猛々しく青年が吠えると、対峙する長鼻は不遜な笑みを浮かべた。
「今度こそ徹底的に叩き潰してくれるわ」
言うや否や、手にした団扇を大きく振るう。そして発生した大風は青年を容易く呑み込んだ。
「なんの」
しかし青年も負けてはいない。地面がめり込みそうなほど足に力を入れ、大木の如く踏ん張り耐える。
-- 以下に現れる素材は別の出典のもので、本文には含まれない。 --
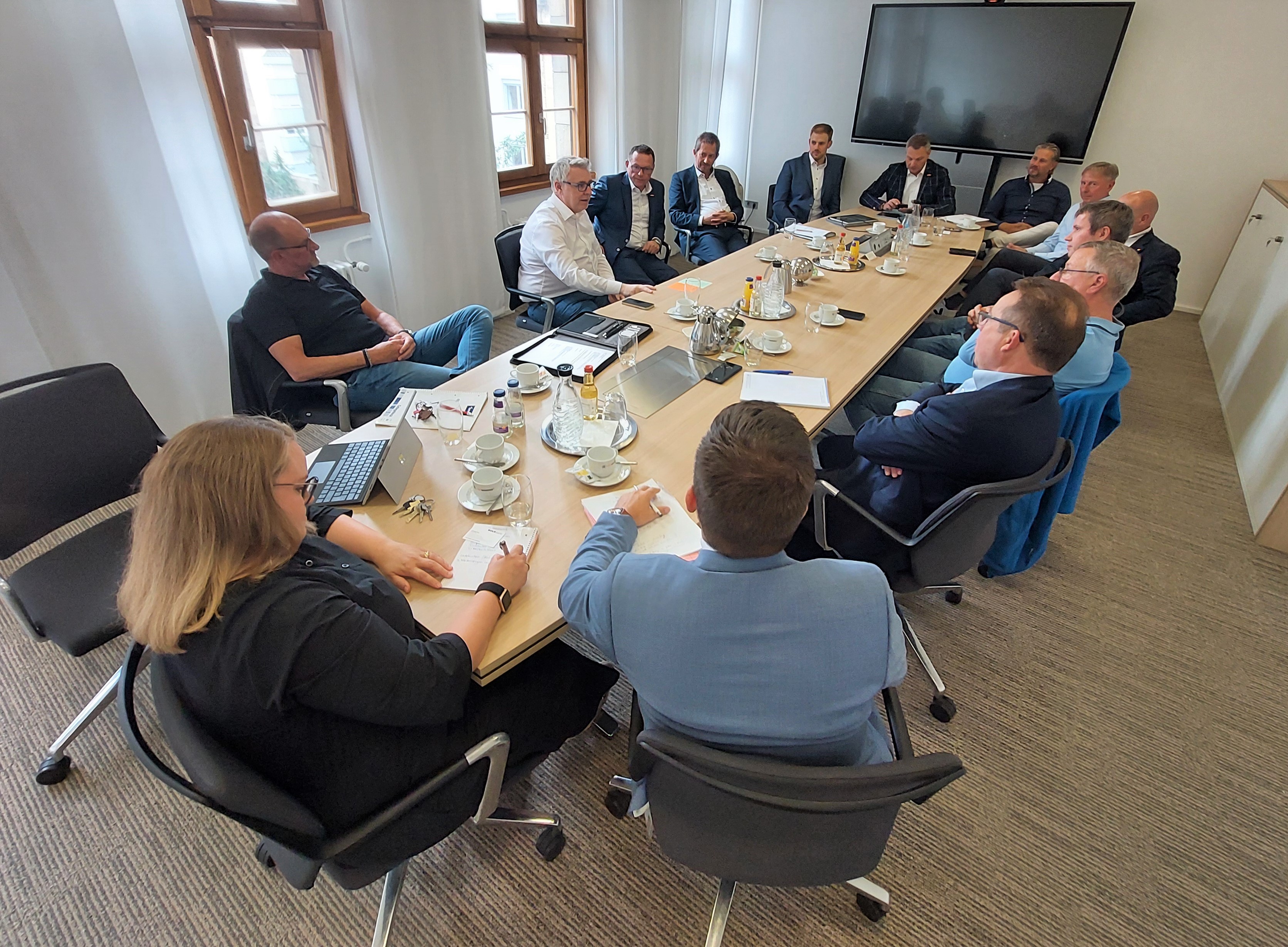 Wie können wir bei zentralen Themen gut und vertrauensvoll zusammenarbeiten? – diese Fragestellung bildete die inhaltliche Klammer des ersten „Fachdialogs Handwerk“, zu dem Wirtschaftsbürgermeister Thorsten Riehle gemeinsam mit der Wirtschaftsförderung den Präsidenten der Handwerkskammer Mannheim Rhein-Neckar-Odenwald, Klaus Hofmann, sowie die Kreishandwerks- und Innungsmeister in das Rathaus eingeladen hatte. „Mir ist es wichtig, die Gesamtheit der Wirtschaft zu betrachten. Dabei ist das Handwerk insgesamt für die Wirtschaftsstruktur in unserer Stadt von großer Bedeutung“, so Riehle mit Blick auf nahezu 14.000 Handwerksunternehmen mit über 86.000 Beschäftigen im Bereich der hiesigen Handwerksammer. Hofmann betonte: „Es ist ein tolles Signal, die Gremien des Handwerks gemeinsam mit der Wirtschaftsförderung an einen Tisch zu bringen.“ Für das Handwerk sei es wichtig, innerhalb der Verwaltung feste Ansprechpersonen zu haben, die die Themen dann intern koordinieren, adressierte Hofmann zentrale Belange der Innungen. Den Teilnehmenden ging es darum, neben dem Austausch einen Fahrplan für eine weitere Zusammenarbeit zu vereinbaren. So gehe es nun darum, zur Gestaltung der ökologischen Transformation die relevanten Player an einen Tisch zu holen, die Einbindung von Geflüchteten in Ausbildung und Beschäftigung voranzutreiben und zu prüfen, wie sich Unternehmen für Tageselternstrukturen zusammenschließen können, um Angebote der Kinderbetreuung zu verbessern. „Am Ende des Tages muss die Ermöglichung stehen. Wir werden uns zukünftig in einer regelmäßigen Taktung treffen, um zu sehen, wo wir stehen oder wo es noch hakt“, Riehle abschließend.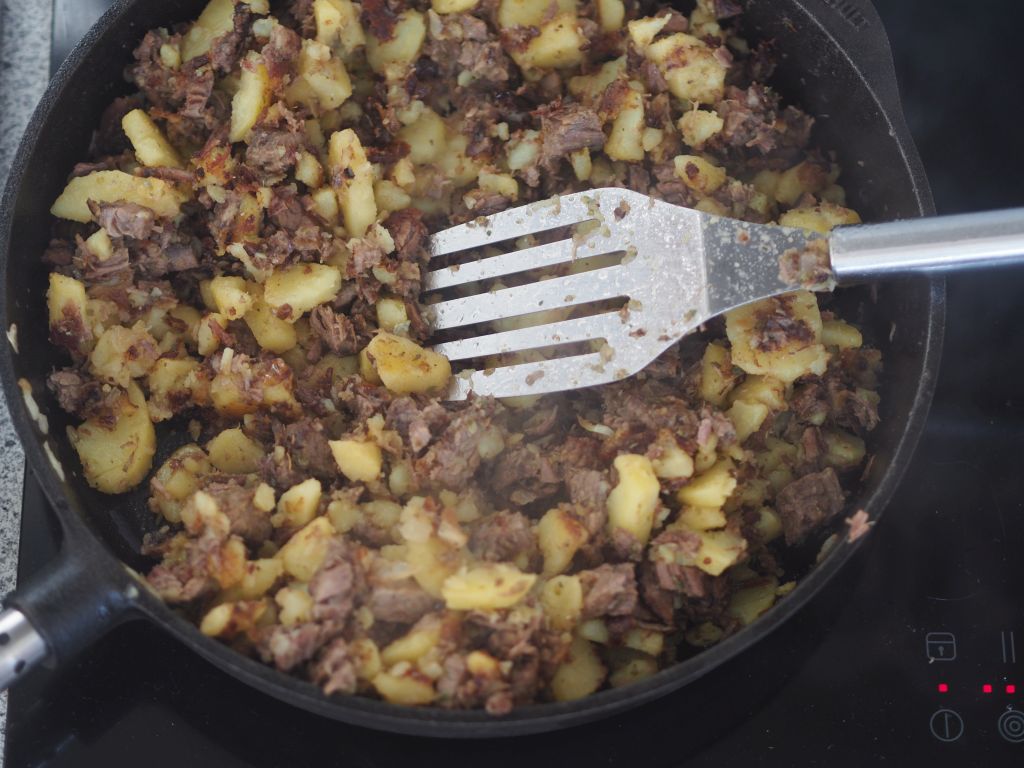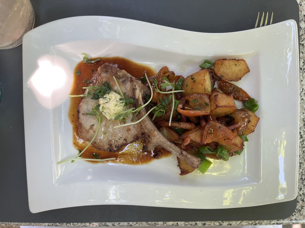 Gebratene Mangalitza-Schweinskrone mit Erdäpfelgröstl. Die Kartoffeln waren selber geschnitten! Dazu Laguiole-Besteck, wie bei einem Steak in Frankreich!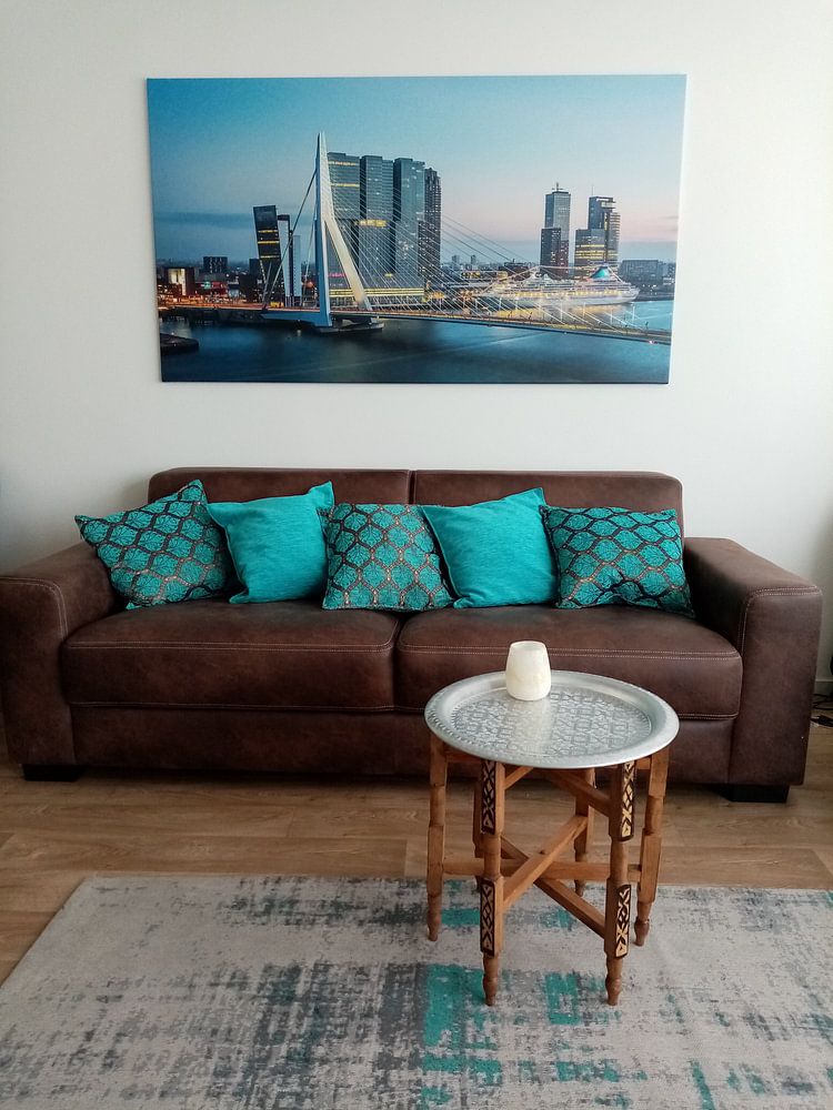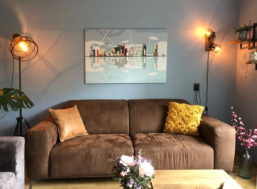 Evening cityscapes introduce natural color transitions into your room. The mauve and blue tones in Kop van Zuid pair beautifully with taupe or grey furnishings, creating a balanced palette that feels calm yet contemporary. These cooler shades work especially well in spaces with warm wood or neutral textiles.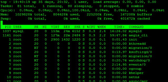 運(yùn)行top命令的結(jié)果如下: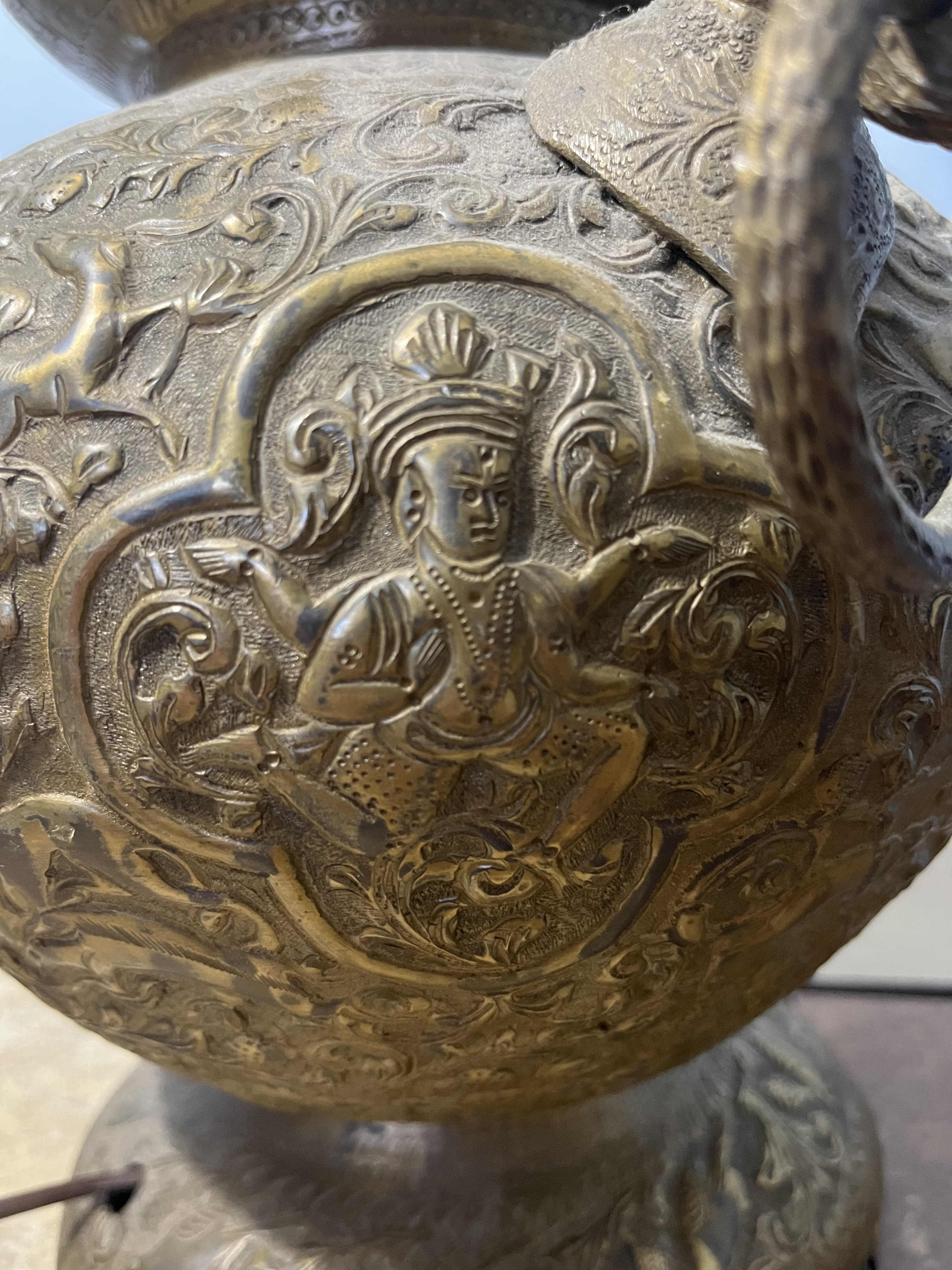 AI Appraisal: Brass lamp covered with Hindu Carvings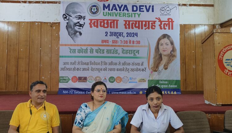 देहरादून : माया देवी यूनिवर्सिटी द्वारा देहरादून आज 2 अक्टूबर से 25 दिन का स्वच्छता सत्याग्रह रैली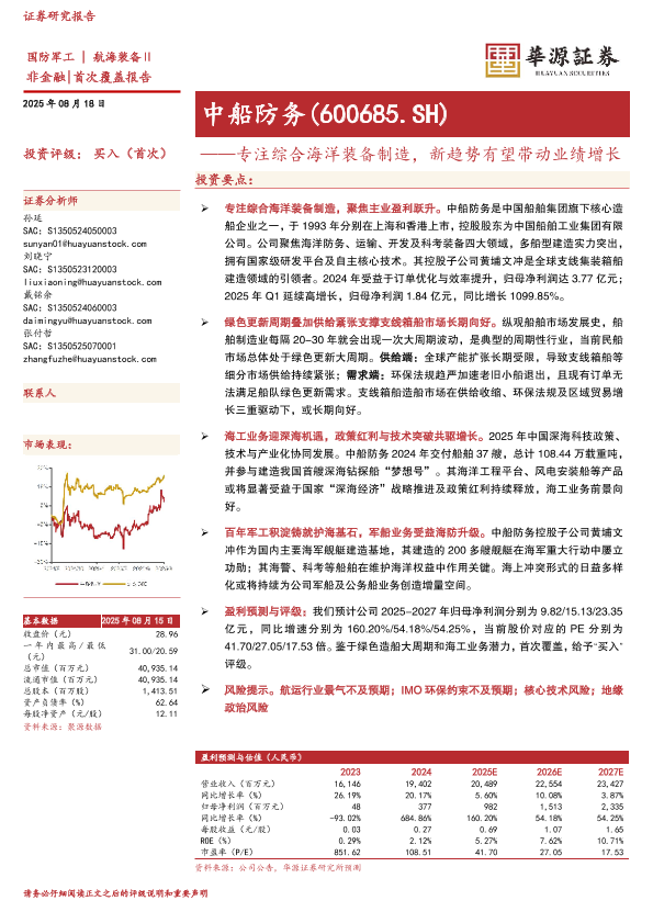 【华源证券】【20250818】中船防务-专注综合海洋装备制造,新趋势有望带动业绩增长-22页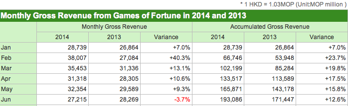 According to analysts, the drop experienced by the casino industry last month was driven by gamblers electing to wager on the World Cup being held in Brazil. With this major event in mind, analysts anticipated Macau's gaming revenue to decline anywhere from 2% to 6%, so actual results came in a bit on the lower end of the distribution.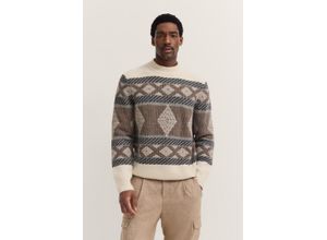 Norwegerpullover BUGATTI "Regular Fit", Herren, Gr. L, 70, beige, Rippstrick, 80% Wolle, 20% Polyamid, regular fit, ohne Ausschnitt, Rippbündchen, Pullover Norwegerpullover, mit Stehkragen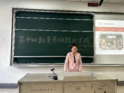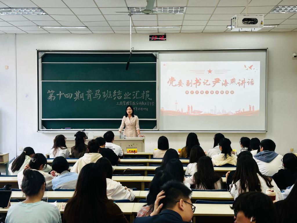 副书记尹海燕老师进行总结发言。她对本期青马班学员在结业汇报中展现出的优秀综合素质给予肯定,对各小组全面展现成员的个人学业发展、志愿服务实践、学科竞赛参与提出表扬。此外,尹海燕老师也对大家提出两点期望:第一,希望各小组在参与青马班活动之余积极主动组织马克思主义思想理论学习和实践活动,将理论学习贯彻到个人的学习生活中;第二,希望学员们做好马克思主义的传承者和传播者,努力投身学业和各项高质量学科竞赛,将在青马班的所学所知应用到实践中,将个人发展和乐玩网络游戏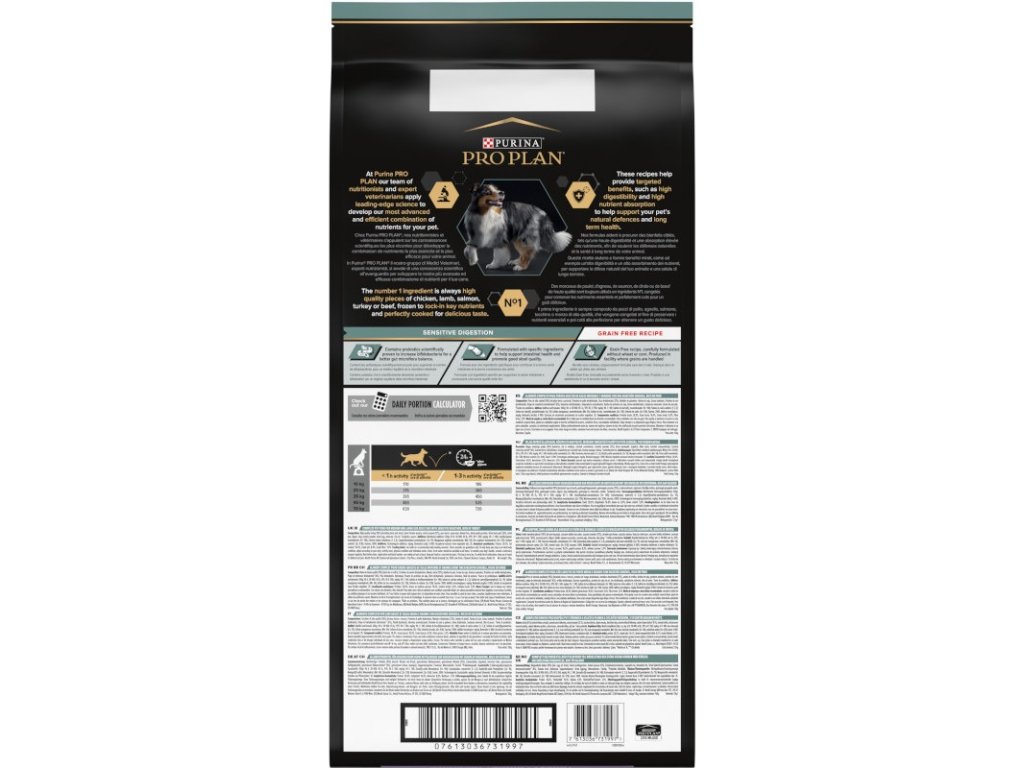 Hlavní složkou krmiva pro psy Purina PRO PLAN® Sensitive Digestion jsou kvalitní kousky krůtího a další vysoce stravitelné složky, které usnadňují trávicí proces. Tyto granule obsahují také prebiotika, u nichž bylo vědecky prokázáno, že zvyšují množství bifidobakterií, které zlepšují rovnováhu střevní mikroflóry, a bentonit (přírodní jíl), který podporuje správné vyprazdňování. Vysoký obsah bílkovin pomáhá udržovat silné svaly a ideální kondici.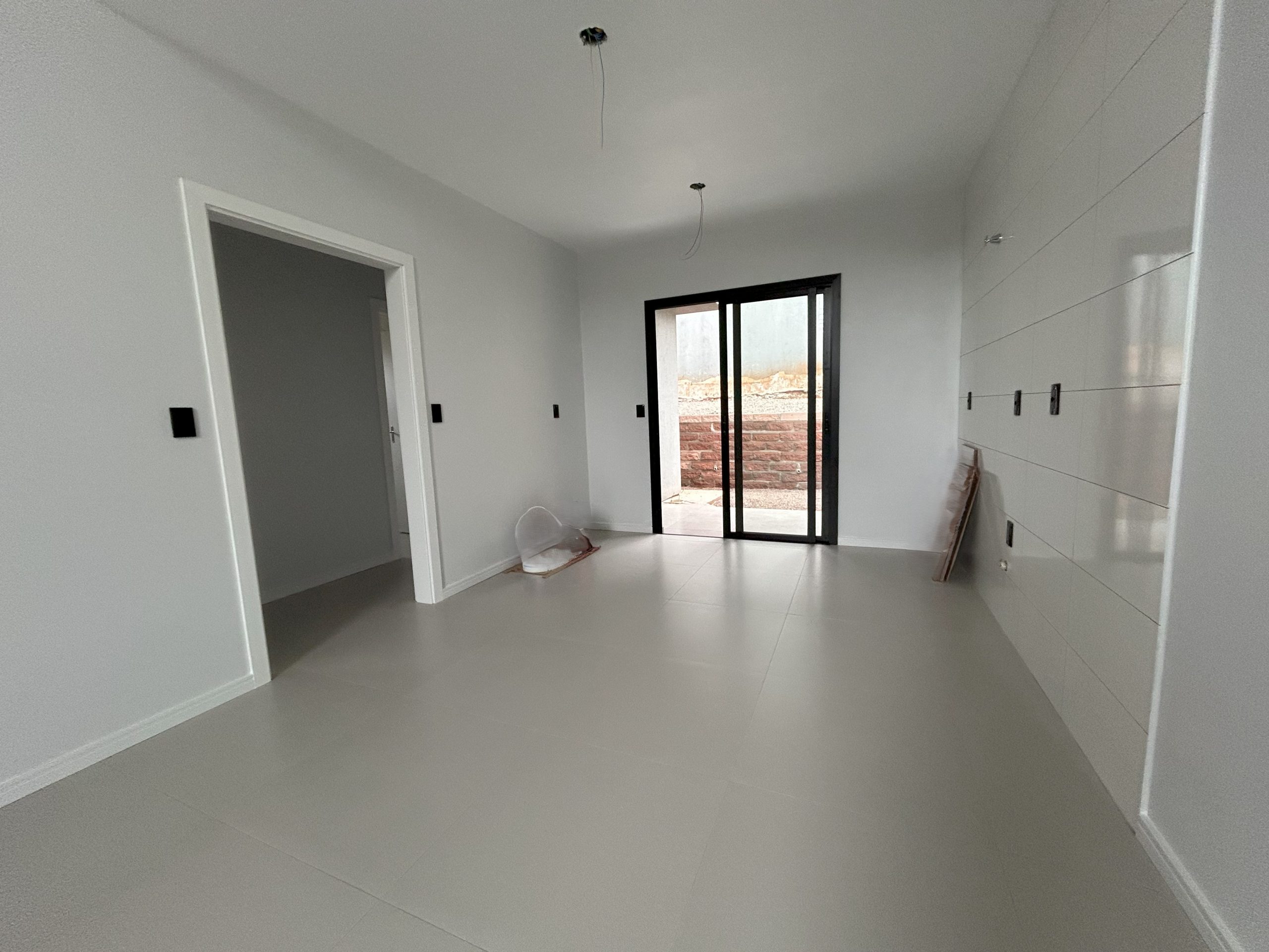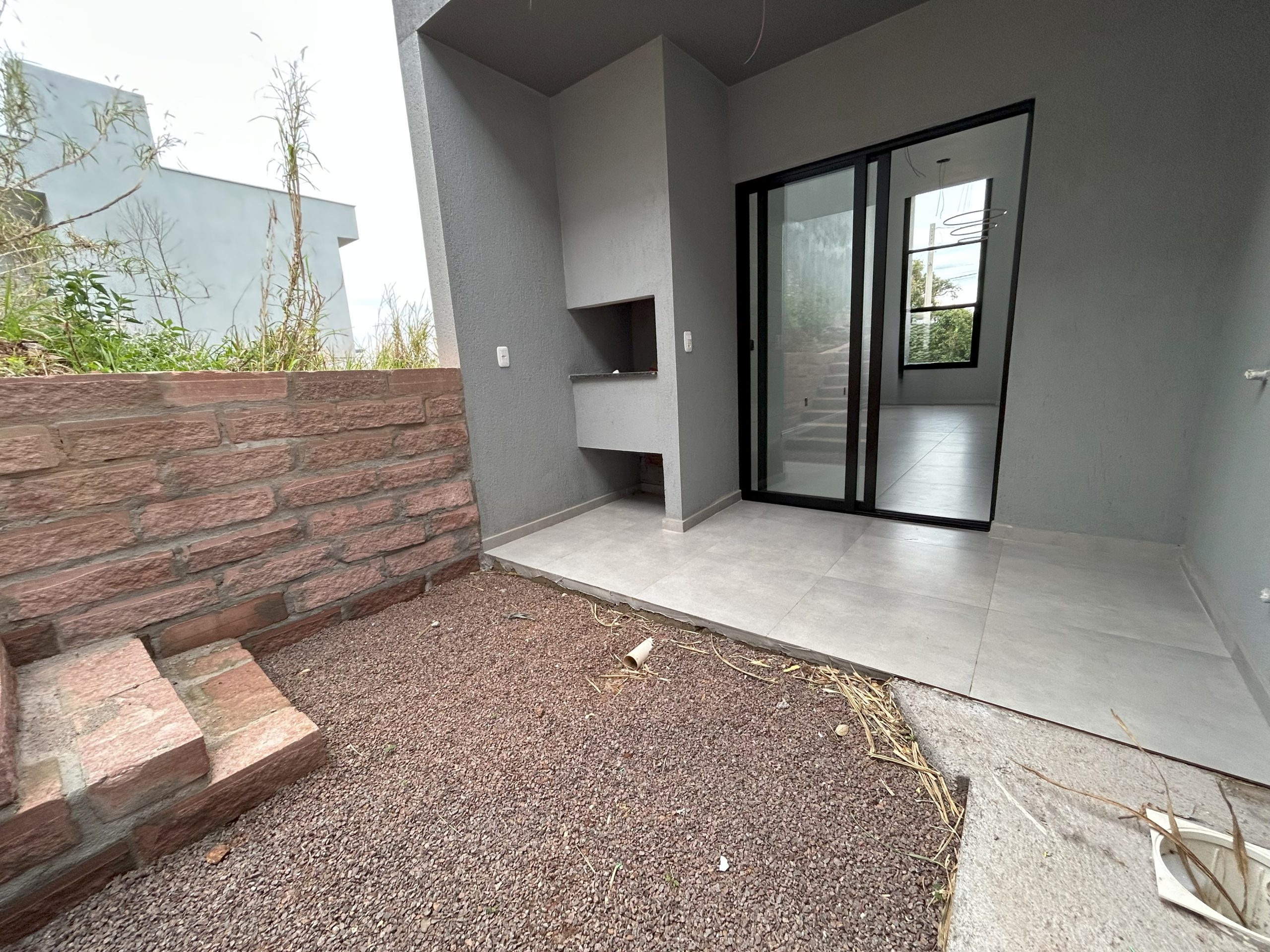2 dormitórios — sendo 1 suíte, Banheiro social, Sala de estar, Cozinha, Área de serviço, Churrasqueira, Pátio nos fundos

「このくらいの風、どうということはない。此度の勝負も俺の勝ちだな」
焦りを微塵も感じさせない声音で、堂々と胸を張る。
この挑発に長鼻は不愉快そうに唇を歪めるが、すぐに不敵な笑みへと形を変えた。
「ふん。なかなか耐えてはいるようだが…それならこれはどうだ」
手首を軽く捻って八手の団扇を長鼻が揺らすと、青年に直撃していた風が止んだ。
いや、正しくは、青年を中心にするように風が僅かに移動した。
「なんだ…」
次はどんな技がくるかと期待していれば肩すかしをくったと、青年は嘆息する。
だが、長鼻の狙いは別にあった。
その事に青年が気付いたのは、背後から小さな悲鳴が聞こえた後だった。
「な」
あんぐりと口を開ける青年の頭上に、玉手箱を抱く若者が浮いている。
「も、も」
助けて。
瞬く間に空高く吹き上げられた若者の声に、青年は迷いなく風へ身を躍らせた。